3. Common video processing algorithms: 3.1 Image Scaling
The so-called image scaling is to create a new pixel location and assign a gray value to these new locations. For example, if you want to enlarge an image of 1.5 x pixels, that is, X pixels, one of the easiest ways to visualize and zoom in is to place a fictional x grid on the original image. Obviously, the interval between the raster is less than one pixel, because we fit it on a smaller image. To assign a gray value to any electricity on the cover layer, we look for the nearest pixel on the original image and pay its gray value to the new pixel on the raster. After a value is assigned to all vertices that overwrite the grid, the enlarged image is obtained. This grayscale value assignment method is called the nearest neighbor amplification method. Another method is to use bilinear interpolation of the four nearest points to assign values to the gray scale. Of course there are many other interpolation methods. However, the most common method is the nearest neighbor method and bilinear interpolation method.
The bilinear interpolation algorithm is given below:
(1) calculate the ratio of source image to target image width to height
W0: indicates the source image width.
H0: indicates the height of the source image.
W1: indicates the width of the target image.
H1: height of the Target Image
Floatfw = float (w0-1)/(w1-1 );
Floatfh = float (h0-1)/(h1-1 );
(2) For a point (x, y) of the target image, the corresponding coordinates in the source image are calculated and the result is a floating point number.
Floatx0 = x * Fw;
Floaty0 = y * FH;
Intx1 = int (x0 );
Intx2 = X1 + 1;
Inty1 = int (y0 );
Inty2 = Y1 + 1;
The four coordinate points in the source image are (x1, Y1) (x1, Y2) (X2, Y1) (X2, Y2)
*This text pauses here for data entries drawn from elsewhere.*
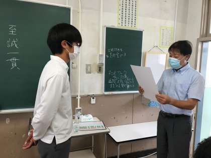 陸上競技部H選手への賞状授与を教室で行いました。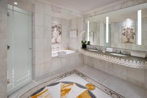 Spacious, bright and elegant, these spacious 130 sqm suites offer a separate living room with a large flat screen TV and dining area. The bedroom offers a King size bed. Opposite of the bed lies a 55 inch flat-screen TV and on the side table is an in-room control panel where you can change the lighting, open/close curtains, listen to radio though a touch. There is a work desk with media connectivity panel. The room has a big walk-in closet with an iron. There is a minibar in the room, with complimentary water bottles and tea and coffee making facilities. The bathroom offers a separate rainforest shower and large bath tub and complimentary Versace toiletries. - Suite Benefits • Meeting room access for two hours once per stay (subject to availability) |
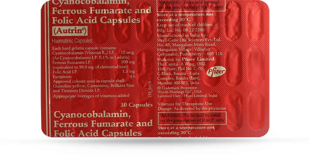 Autrin capsule is used mainly for iron deficiency anaemia, vitamin B deficiency and other relevant conditions. These deficiencies occur primarily due to illness, pregnancy, poor nutrition, digestive disorders, and many other conditions.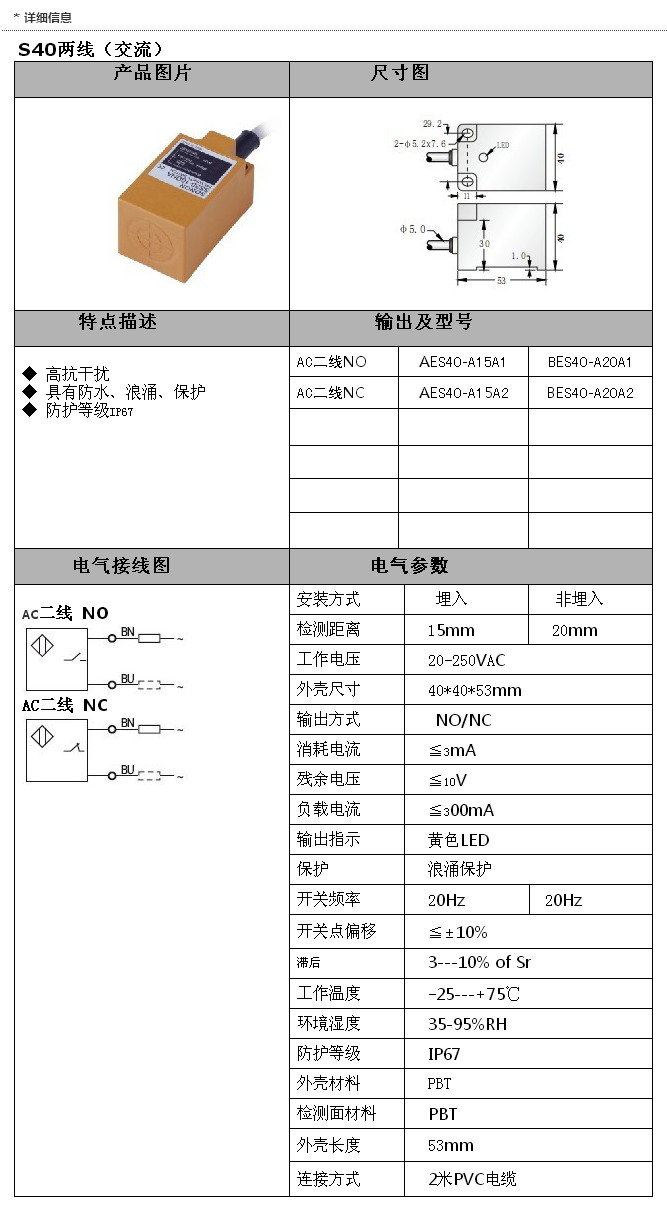 AES40-A15A1,BES40-A20A1,AES40-A15A2,BES40-A20A2,S40交流兩線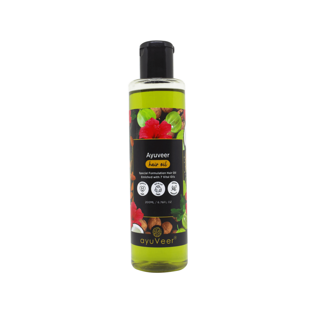 Ayuveer Hair Oil is crafted with the richness of natural components like Amla, which delivers comprehensive nourishment to your hair, fortifying them to be robust and healthy. The Ayuveer Hair Oil Collection also aids in addressing and reducing hair issues such as hair loss, dandruff, and early greying.

(3) Calculate the weight ratio of the four surrounding points
For example,
Fx1 = x0-x1;
Fx2 = 1.0f-fx1;
Fy1 = y0-Y1;
FY2 = 1.0f-fy1;
Float S1 = fx1 * fy1;
Float S2 = fx2 * fy1;
Float S3 = fx2 * FY2;
Float S4 = fx1 * FY2;
We use value (coordinate) to obtain the coordinate value of this point, then:
Value (x0, y0) = value (X2, Y2) * S1 + value (x1, Y2) * S2 + value (x1, Y1) * S3 + value (X2, Y1) * S4;
If you are not clear about the above operations, you can do so.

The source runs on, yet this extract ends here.